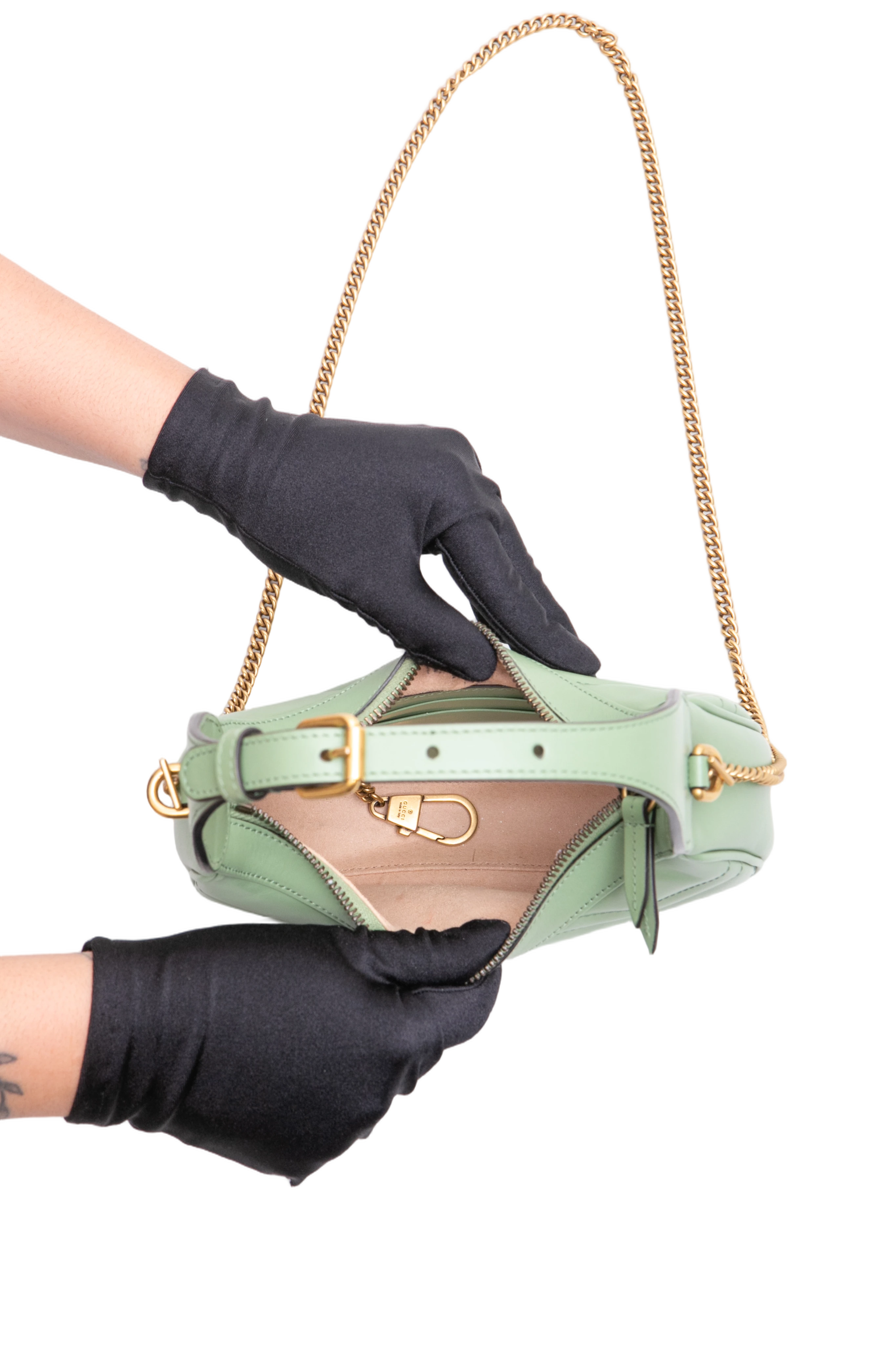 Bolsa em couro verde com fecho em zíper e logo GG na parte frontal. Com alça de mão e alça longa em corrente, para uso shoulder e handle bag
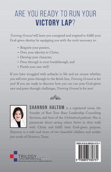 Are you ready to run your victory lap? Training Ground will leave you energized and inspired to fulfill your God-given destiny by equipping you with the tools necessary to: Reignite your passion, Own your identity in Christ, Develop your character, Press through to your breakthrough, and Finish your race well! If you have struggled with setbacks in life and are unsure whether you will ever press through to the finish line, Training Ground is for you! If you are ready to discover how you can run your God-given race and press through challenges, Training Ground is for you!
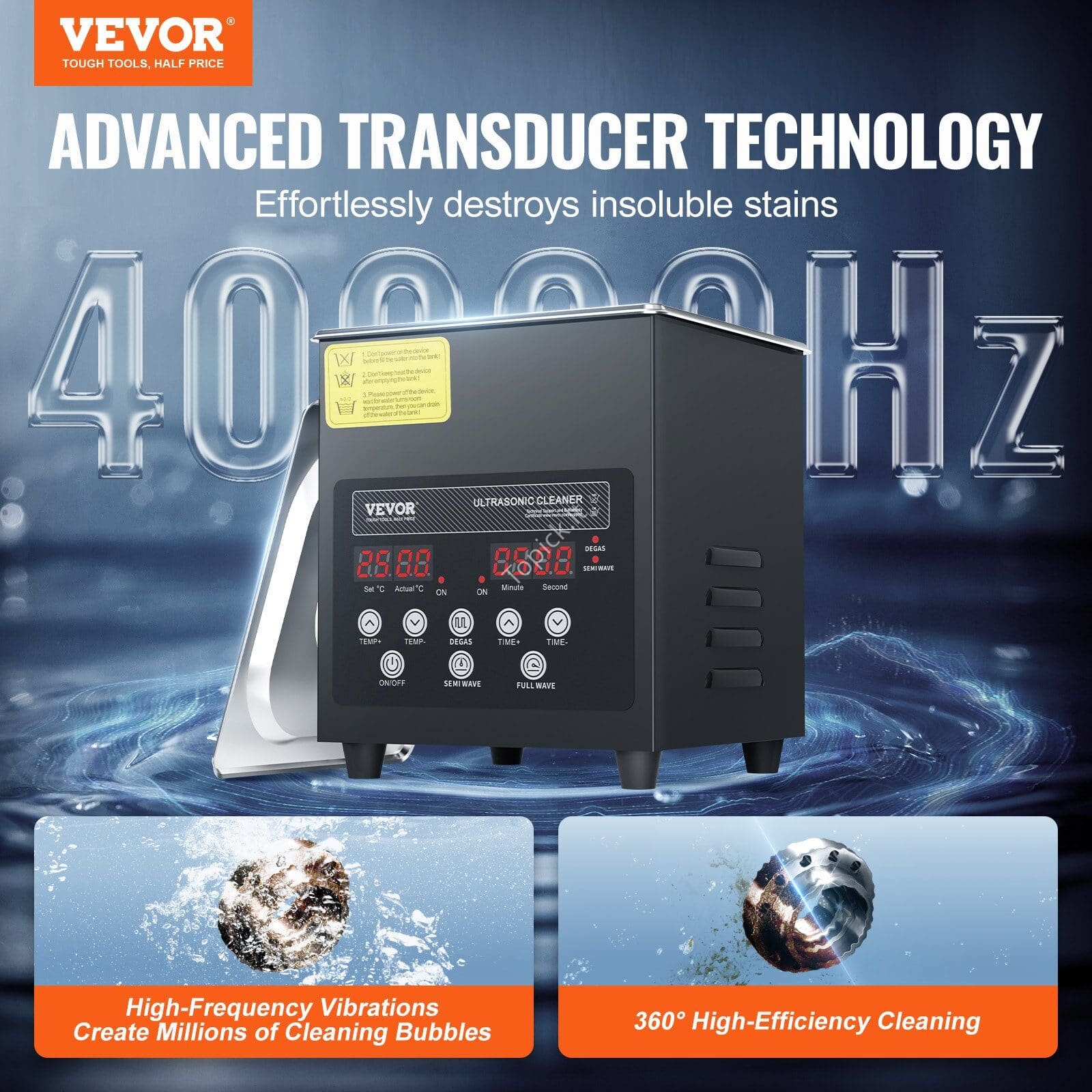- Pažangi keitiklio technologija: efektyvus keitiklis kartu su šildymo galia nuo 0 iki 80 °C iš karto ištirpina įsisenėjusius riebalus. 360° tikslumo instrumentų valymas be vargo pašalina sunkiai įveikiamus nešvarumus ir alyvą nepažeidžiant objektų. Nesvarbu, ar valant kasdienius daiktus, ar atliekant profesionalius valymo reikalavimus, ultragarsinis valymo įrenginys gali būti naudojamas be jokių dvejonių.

### INSTRUCTIONS FOR THE TASK
Please keep every line of the data the same when you reproduce it, and keep every picture out.

### SOLUTION
 Bolsa em couro verde com fecho em zíper e logo GG na parte frontal. Com alça de mão e alça longa em corrente, para uso shoulder e handle bag
 Are you ready to run your victory lap? Training Ground will leave you energized and inspired to fulfill your God-given destiny by equipping you with the tools necessary to: Reignite your passion, Own your identity in Christ, Develop your character, Press through to your breakthrough, and Finish your race well! If you have struggled with setbacks in life and are unsure whether you will ever press through to the finish line, Training Ground is for you! If you are ready to discover how you can run your God-given race and press through challenges, Training Ground is for you!
- Pažangi keitiklio technologija: efektyvus keitiklis kartu su šildymo galia nuo 0 iki 80 °C iš karto ištirpina įsisenėjusius riebalus. 360° tikslumo instrumentų valymas be vargo pašalina sunkiai įveikiamus nešvarumus ir alyvą nepažeidžiant objektų. Nesvarbu, ar valant kasdienius daiktus, ar atliekant profesionalius valymo reikalavimus, ultragarsinis valymo įrenginys gali būti naudojamas be jokių dvejonių.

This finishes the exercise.